< Joshua 8 >
1 And he said Yahweh to Joshua may not you fear and may not you be dismayed take with you all [the] people of war and arise go up Ai see - I have given in hand your [the] king of Ai and people his and city his and land his.
Toen zeide de HEERE tot Jozua: Vrees niet, en ontzet u niet; neem met u al het krijgsvolk, en maak u op, trek op naar Ai; zie, Ik heb den koning van Ai, en zijn volk, en zijn stad, en zijn land in uw hand gegeven.
2 And you will do to Ai and to king its just as you did to Jericho and to king its only booty its and livestock its you will plunder for yourselves set for yourself an ambush for the city behind it.
Gij nu zult aan Ai en haar koning doen, gelijk als gij aan Jericho en haar koning gedaan hebt; behalve dat gij haar roof en haar vee voor ulieden roven zult; stel u een achterlage tegen de stad, van achter dezelve.
3 And he arose Joshua and all [the] people of war to go up Ai and he chose Joshua thirty thousand man [the] mighty [men] of strength and he sent out them night.
Toen maakte zich Jozua op, en al het krijgsvolk, om op te trekken naar Ai.
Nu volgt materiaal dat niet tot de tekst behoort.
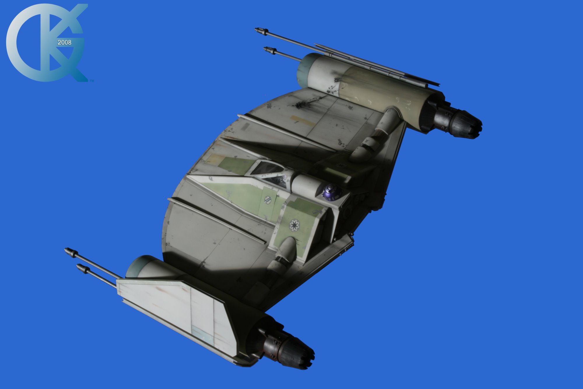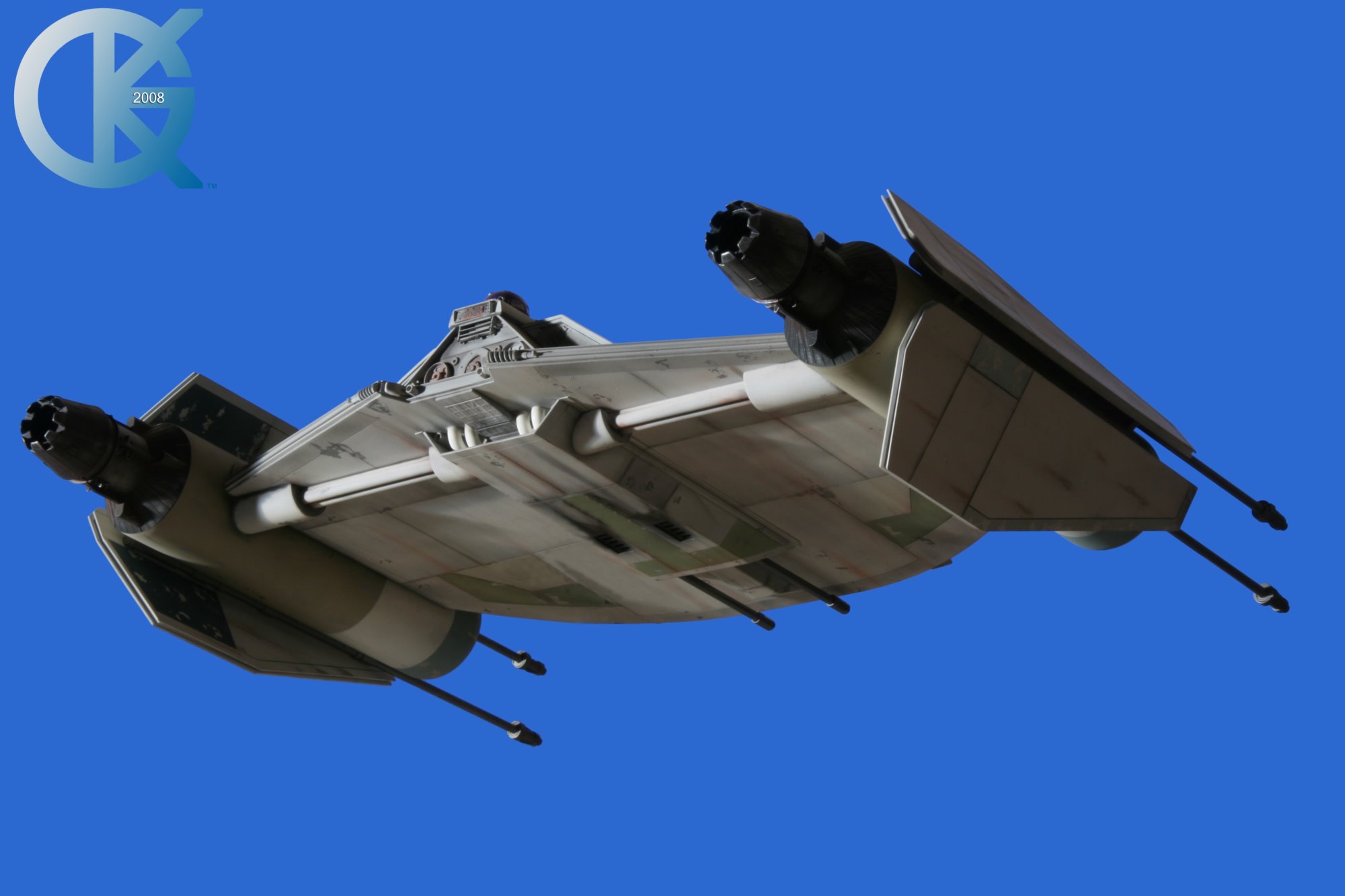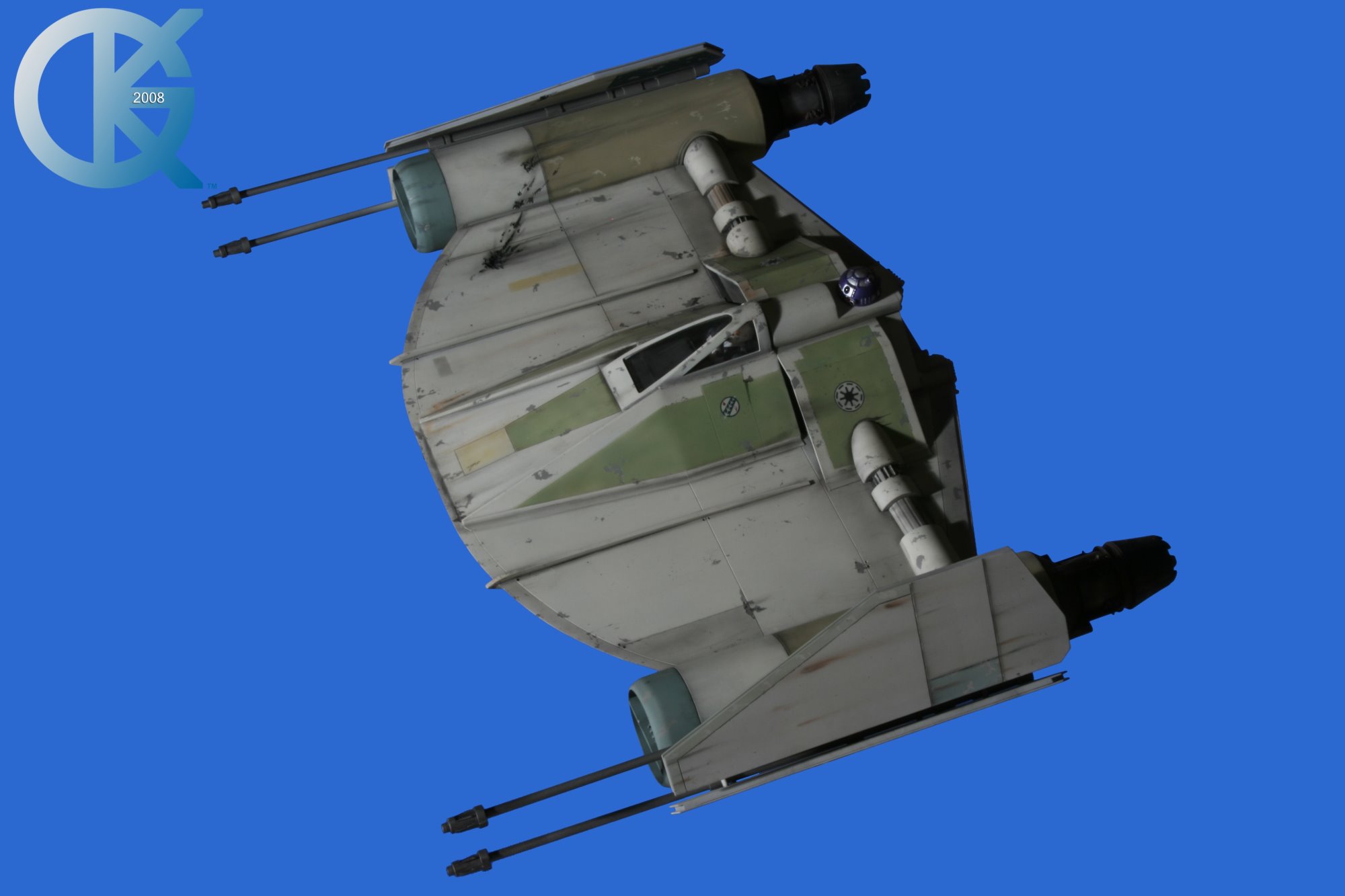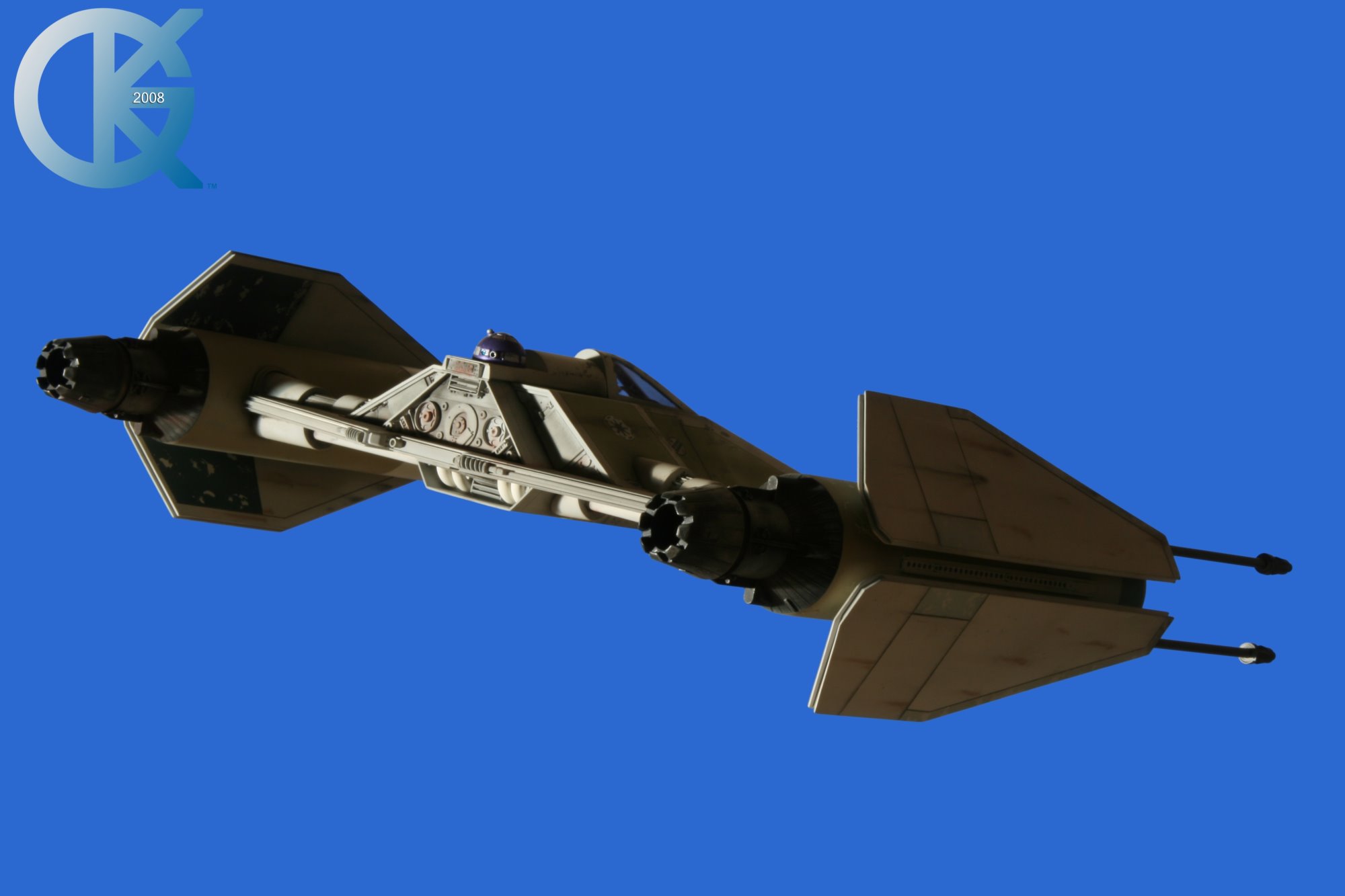 Of the Composite I created back then, utilizing my Blue Screen Photos of the model, I featured it here on Modeler Magic on November 20, 2009. I felt it greatly fit into the films… and I hope you enjoy it. It is called “The Clone Wars”.

En Jozua verkoos dertig duizend mannen, strijdbare helden, en hij zond hen bij nacht uit,
4 And he commanded them saying see you [are] lying in wait for the city behind the city may not you go far away from the city very and you will be all of you prepared.
En gebood hun, zeggende: Ziet toe, gijlieden zult der stad lagen leggen van achter de stad; houdt u niet zeer verre van de stad, en weest gij allen bereid.
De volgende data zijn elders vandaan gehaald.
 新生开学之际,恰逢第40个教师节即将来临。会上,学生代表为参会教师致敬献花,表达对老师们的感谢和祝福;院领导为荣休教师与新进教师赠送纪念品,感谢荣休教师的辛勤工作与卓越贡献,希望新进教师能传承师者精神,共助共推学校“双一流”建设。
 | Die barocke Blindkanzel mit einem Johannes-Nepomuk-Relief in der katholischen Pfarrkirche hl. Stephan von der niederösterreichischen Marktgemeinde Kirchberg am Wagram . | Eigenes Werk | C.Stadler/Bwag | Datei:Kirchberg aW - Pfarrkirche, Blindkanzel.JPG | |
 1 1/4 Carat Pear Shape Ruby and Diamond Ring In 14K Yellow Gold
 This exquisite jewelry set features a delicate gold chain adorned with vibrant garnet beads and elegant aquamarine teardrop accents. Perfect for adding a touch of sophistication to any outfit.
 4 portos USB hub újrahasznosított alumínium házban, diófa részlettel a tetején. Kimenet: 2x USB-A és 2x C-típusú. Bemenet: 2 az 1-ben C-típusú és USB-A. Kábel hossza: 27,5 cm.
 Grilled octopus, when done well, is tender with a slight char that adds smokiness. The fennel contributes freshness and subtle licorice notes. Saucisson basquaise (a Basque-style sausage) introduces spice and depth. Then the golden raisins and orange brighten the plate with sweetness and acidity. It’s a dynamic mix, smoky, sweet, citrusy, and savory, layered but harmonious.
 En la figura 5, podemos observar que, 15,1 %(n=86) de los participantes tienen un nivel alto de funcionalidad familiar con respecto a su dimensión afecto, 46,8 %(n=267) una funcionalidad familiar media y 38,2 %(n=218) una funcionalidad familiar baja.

5 And I and all the people which [is] with me we will draw near to the city and it will be that they will come out to meet us just as at the first [time] and we will flee before them.
Ik nu, en al het volk, dat bij mij is, zullen tot de stad naderen; en het zal geschieden, wanneer zij ons tegemoet zullen uitgaan, gelijk als in het eerst, zo zullen wij voor hun aangezicht vlieden.
6 And they will come out after us until have drawn out we them from the city for they will say [they are] fleeing before us just as at the first [time] and we will flee before them.
Laat hen dan uitkomen achter ons, totdat wij hen van de stad aftrekken; want zij zullen zeggen: Zij vlieden voor onze aangezichten, gelijk als in het eerst; zo zullen wij vlieden voor hun aangezichten.
7 And you you will arise from the ambush and you will take possession of the city and he will give it Yahweh God your in hand your.
Dan zult gijlieden opstaan uit de achterlage, en gij zult de stad innemen; want de HEERE, uw God, zal ze in uw hand geven.
8 And it will be when have captured you the city you will set on fire the city with fire according to [the] word of Yahweh you will do see I have commanded you.
En het zal geschieden, wanneer gij de stad ingenomen hebt, zo zult gij de stad met vuur aansteken; naar het woord des HEEREN zult gijlieden doen; ziet, ik heb het ulieden geboden.
9 And he sent out them Joshua and they went to the ambush and they remained between Beth-el and between Ai from [the] west of Ai and he stayed Joshua in the night that in among the people.
Alzo zond Jozua hen heen, en zij gingen naar de achterlage, en zij bleven tussen Beth-El en tussen Ai, tegen het westen van Ai; maar Jozua overnachtte dien nacht in het midden des volks.
10 And he rose early Joshua in the morning and he mustered the people and he went up he and [the] elders of Israel before the people Ai.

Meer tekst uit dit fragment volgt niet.